◆ **Exercise data**
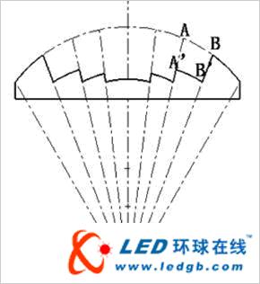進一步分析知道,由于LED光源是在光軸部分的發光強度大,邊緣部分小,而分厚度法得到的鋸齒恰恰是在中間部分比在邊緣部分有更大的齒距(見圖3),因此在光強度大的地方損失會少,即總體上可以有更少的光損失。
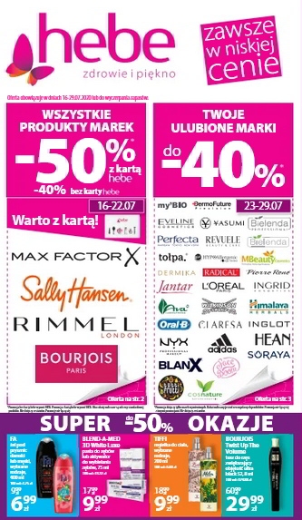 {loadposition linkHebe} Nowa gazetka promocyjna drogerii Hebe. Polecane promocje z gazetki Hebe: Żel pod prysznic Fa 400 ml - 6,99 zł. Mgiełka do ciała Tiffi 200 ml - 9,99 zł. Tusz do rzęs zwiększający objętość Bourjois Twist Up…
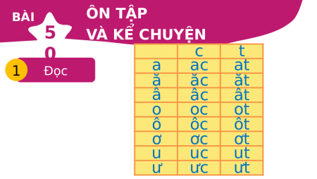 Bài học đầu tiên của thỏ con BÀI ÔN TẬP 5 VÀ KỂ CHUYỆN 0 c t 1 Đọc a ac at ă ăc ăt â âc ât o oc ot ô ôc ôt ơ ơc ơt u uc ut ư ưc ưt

◆ **Exercise goal**
Skip the pictures. Please copy exactly the lines from the one with "Bourjois Twist Up…" through the final line of the material above, both ends included.

◆ **Answer space**
 {loadposition linkHebe} Nowa gazetka promocyjna drogerii Hebe. Polecane promocje z gazetki Hebe: Żel pod prysznic Fa 400 ml - 6,99 zł. Mgiełka do ciała Tiffi 200 ml - 9,99 zł. Tusz do rzęs zwiększający objętość Bourjois Twist Up…
 Bài học đầu tiên của thỏ con BÀI ÔN TẬP 5 VÀ KỂ CHUYỆN 0 c t 1 Đọc a ac at ă ăc ăt â âc ât o oc ot ô ôc ôt ơ ơc ơt u uc ut ư ưc ưt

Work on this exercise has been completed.